Animated scatterplot and word clouds in a grid layout

What am I looking at?

The video shows a scatterplot and four word clouds in a grid layout, visualizing movement in the TNR system, a continuous learning system for inclusive education specialists. The word clouds visualize activity in four different areas of the system: the "pérolas" quiz, the "café com Bel" chat, and the "Nossos Casos" case discussion, and the rest (the upper right word cloud labelled "Tudo menos..."). The scatterplot visualizes the total number of comments ("commentários" on the x-axis) and posts ("conteúdos" on the y-axis) in the period of September 2009 to December 2014. The users represented in the scatterplot are color-coded by user profile (red for researchers (pesquisador), green for multipliers (semeador), blue for others (outro)). The circle size corresponds to the number of accesses to the system during the last month.

It is fairly easy to see, how different areas of the TNR system show activity during different periods, and that in each, some topics have more weight than others. The accompanying scatterplot shows that there are single users of a certain type that seem to participate more in some activities.

How was it made?

The implementation of this example is rather ugly: it has no production quality whatsoever and should be seen as a quick-and-dirty visualization prototype. Usually, a materialized prototype supports discussion, reflection and analysis far better than an idea that only exists in the heads of people.

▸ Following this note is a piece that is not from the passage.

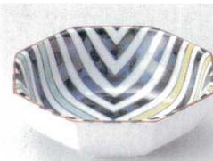
321-08-1H3 1,200円 2016273020 モダンストライプ5.0小鉢 (16.7φ×5.5H)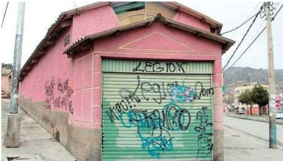
Lugar. En el garaje de esta casa, sobre la Calle 37 en Cota Cota, se observan graffitis de La Legión.

Miedo. El transporte público urbano es escaso de noche y hasta las tiendas cierran temprano

At the time I did this, I wasn't able to create an animated scatterplot with D3. Now, I have seen it is possible. Furthermore, the Gapminder tools were not open sourced yet, and the only other tools/frameworks I found (Google Charts and the animation package for R) weren't able to produce smooth animations with the data load. Trying to display four animated word clouds in a browser windows also quickly showed I would run into serious performance issues on the "average laptop".


I decided to create a separate graph for each data point, then stitch together an image consisting of one scatterplot and four word clouds for any given day in the data, and creating a video, using one image per frame.

The scatterplots were created with R, saving each scatterplot as a PNG. I already described the word cloud basics. To get a word cloud image for each data point, I used PhantomJS to create an initial template of the SVG with all word positions, and then Node.js with cheerio to generate an SVG with correct word sizes for each day. The SVGs were rendered to PNGs with the SVG Rasterizer of the Batik Project. For stitching together the single images (i.e. the frames) and including legends I used ImageMagick, the video was then produced with ffmpeg.

But why?

Isolated word clouds or any single, isolated animation might yield limited insights. Despite potential information overload, side-by-side, synchronized visualizations of different aspects of the system seemed an interesting option to explore.

If I would do it again...

I would try to do the animations using HTML5 Canvas or SVG. Also, definitely some research and additional interaction mechanisms are required to reduce information overload.